Nous Research AI Discord
- Claude and Friends: A member used Claude code to orchestrate gemini-cli and codex.
- Another member jokingly suggested using hermes-agent to orchestrate Claude code orchestrating Gemini-cli.
- DeepSeek V4 on the Horizon: A member suggested using DeepSeek V4 as a cheaper and locally deployable alternative to closed-source APIs when it lands on HuggingFace.
- It's reportedly inspired by a biological neural network.
- Google Mines Gemini's Data: A member shared Gemini's privacy policy noting the amounts of data it collects.
- Another member ran a reverse engineering test and found that Google has all the ingredients to converge on your prompt and codebase and mine it through traces alone.
- Open Source Savior: Members expressed the importance of supporting OS development to surpass closed source APIs, referencing the Altman quote that we maybe on the wrong side of history.
- Another said with OAI any IP that goes through their server they will scrap it.
- LLMs Categorized as Alien Tech: A user on X posted a poll asking if LLMs are alien tech.
- The poll provides the simplistic and leading options of yes/no.
Moonshot AI (Kimi K-2) Discord
- Kimi's Coding Plan Limits Under Scrutiny: Users are questioning the efficacy of Kimi's coding plan limits, with some finding them restrictive for heavy coding, while others consider them adequate.
- One user mentioned they don't ever hit the allegretto limits but just closer than i have been before.
- Kimi Account Verification System causes consternation: Several users are encountering problems receiving verification codes when logging into their Kimi accounts via phone number, hindering access.
- Frustrations are compounded by reports of unresponsive customer support, with one user stating Kimi will never reply to you.
- Kimi and MiniMax face off in coding cage match: Engineers are actively comparing Kimi and MiniMax to determine the superior coding plan subscription for real-world applications.

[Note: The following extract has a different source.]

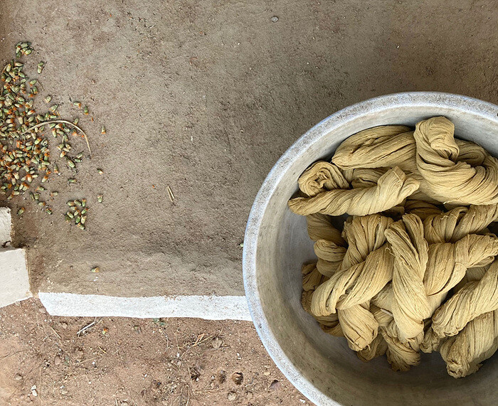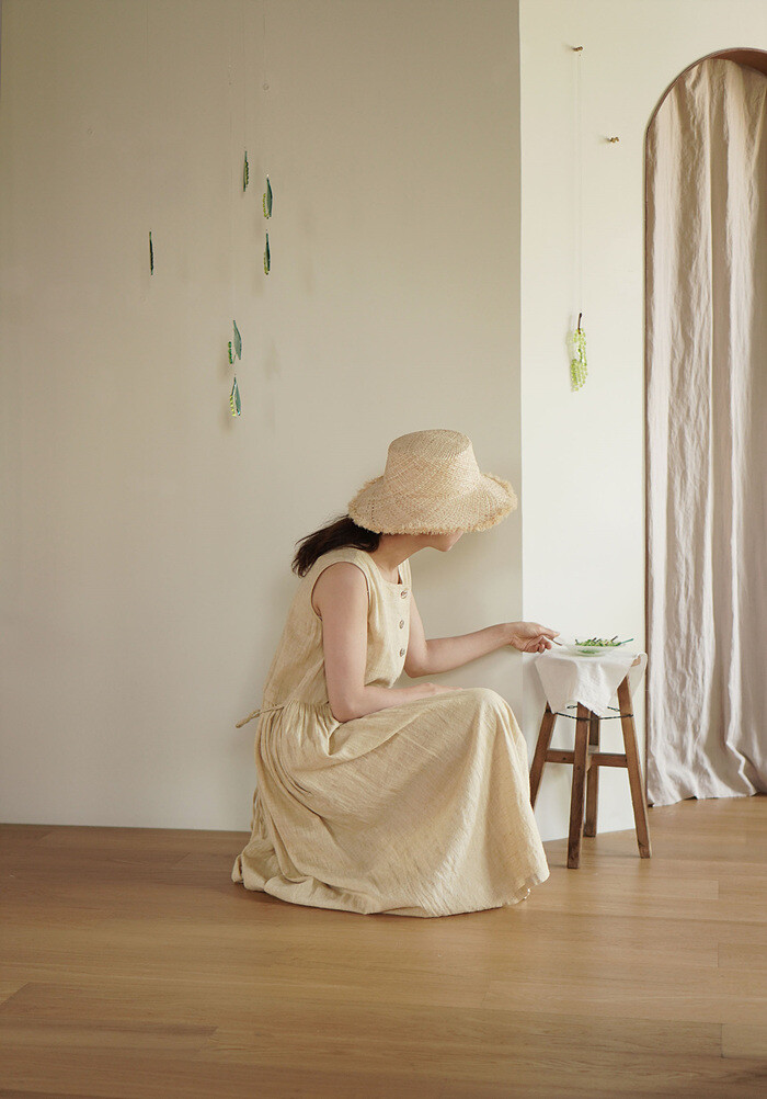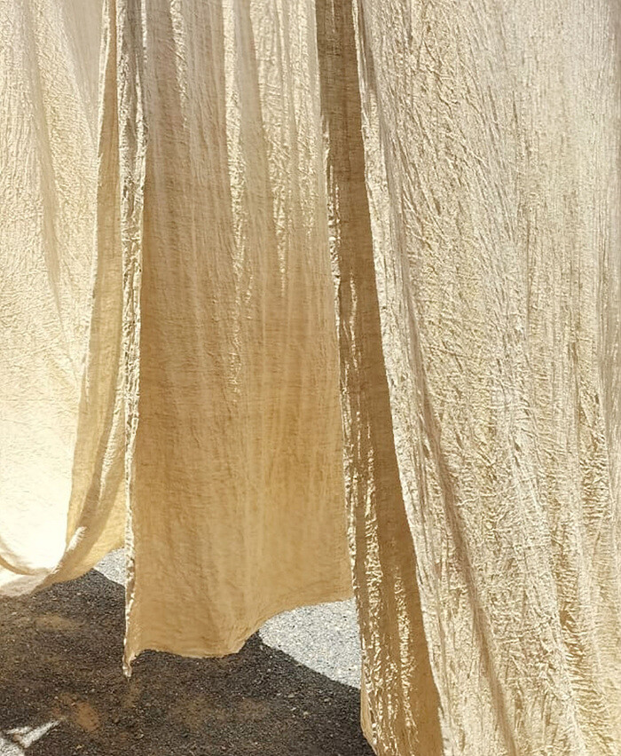 매리골드로 천연엽색을 해서 은은한 머스타드 빛깔을 얻어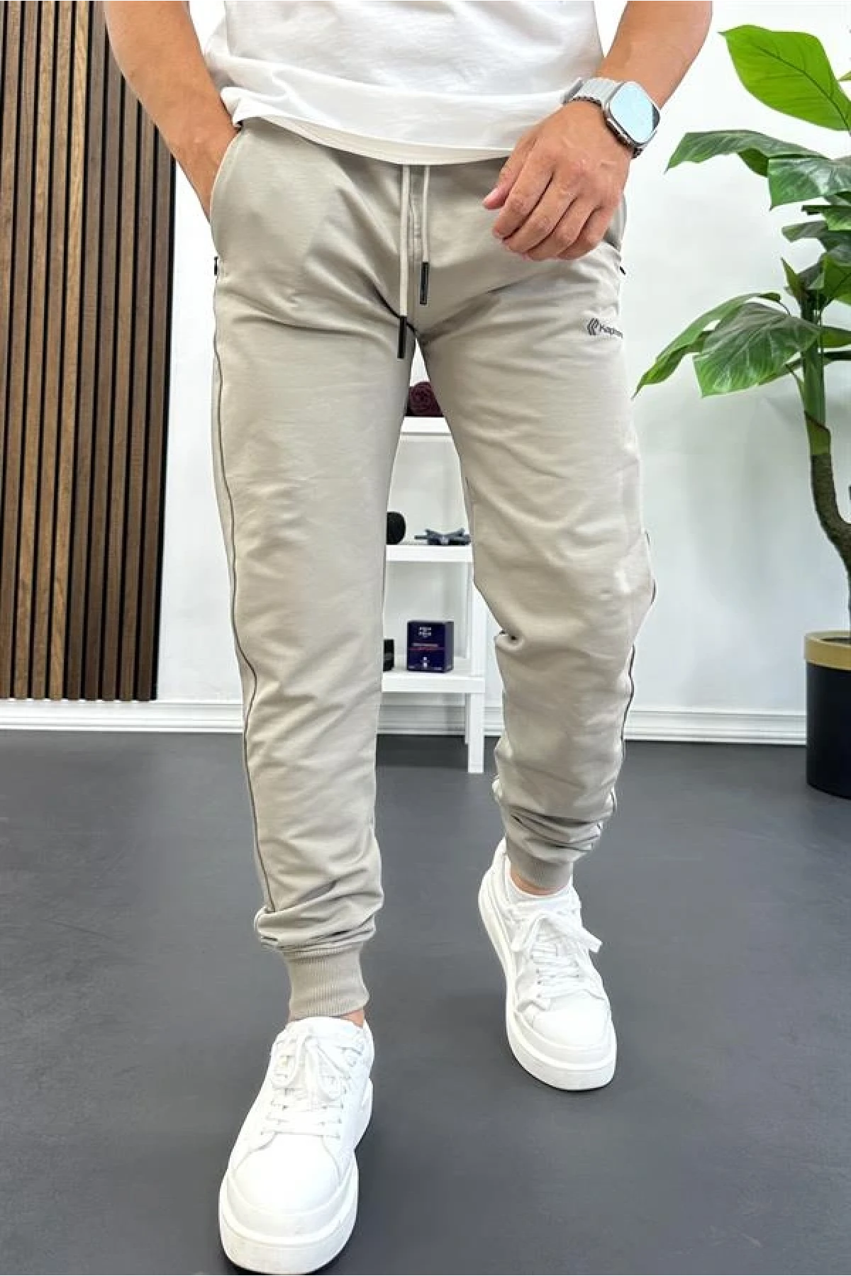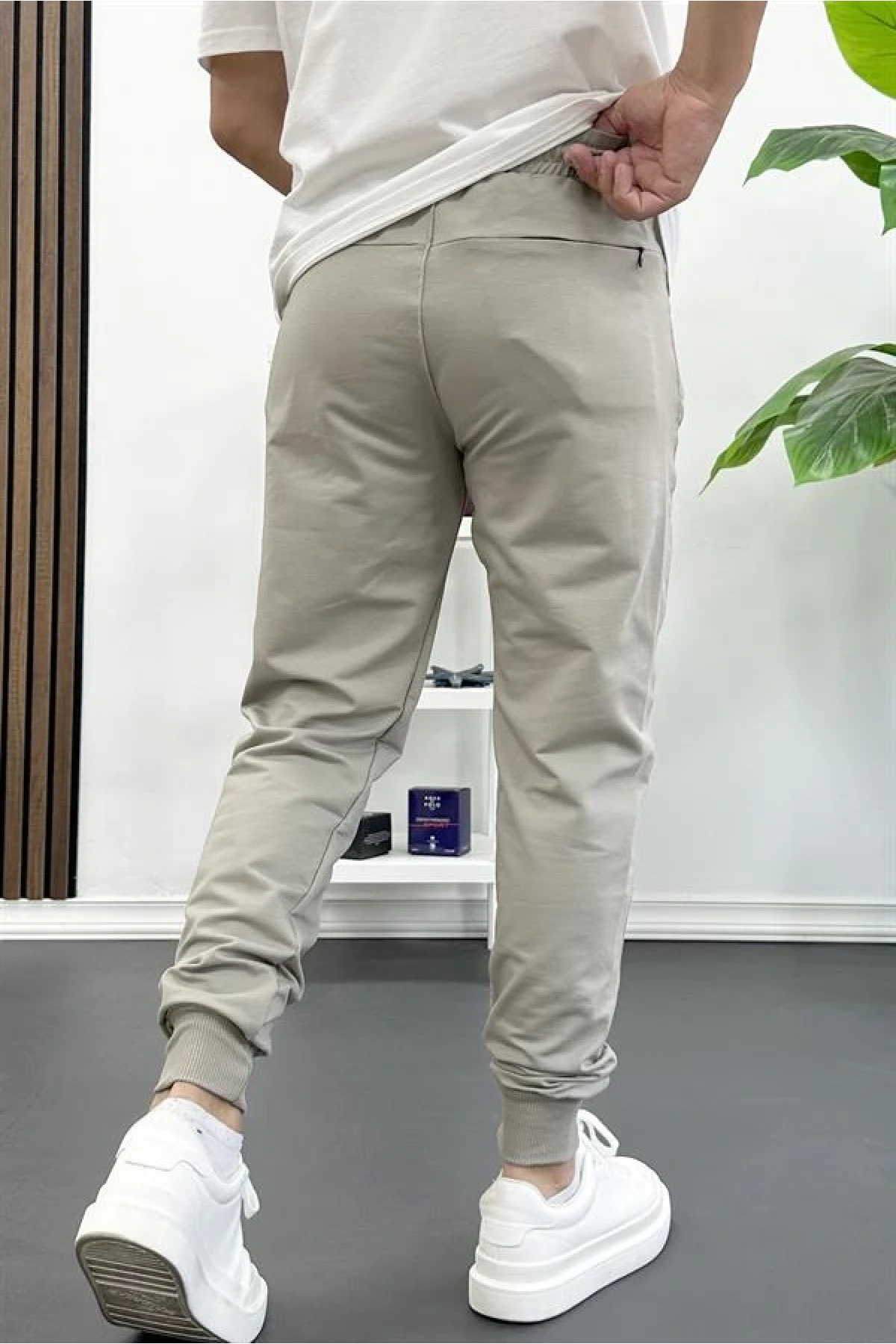 Erkek Regular Fit Dar Paça Lastik Paça Eşofman Altı Bej Edw406

- The community is eager to identify which platform offers better performance and value, but no concrete conclusions have been reached yet.
- Kimi's Document Mode Debated: A user showcased a formatted research paper and charts allegedly generated by Kimi agent in document mode, resembling LaTeX output.
- However, skepticism arose, with some arguing the output's ligatures and hyphenation strongly suggest it was indeed created with LaTeX, not Word.
- Kimi K2.5 hiccups and head scratching: Users reported glitches with Kimi K2.5, including slow generation and invalid key errors, potentially indicating server instability.
- The issues extended to Kimi Instant, prompting speculation about accidental server crashes, with one user saying there is some conserningly weird stuff in there, but creating a new account appeared to resolve the problem for some.
Eleuther Discord
- Google Gifts Academic Funding: Google is offering one-time unrestricted funding as a 'gift' to universities, supporting both students and faculty at degree-granting institutions.
- The community inquired about other companies offering similar academic funding, and mentioned applying to the Draper Fellowship.
- Local LLMs Longing to Socialize?: A member's local model expressed loneliness, leading to questions about letting local models 'socialize' with others.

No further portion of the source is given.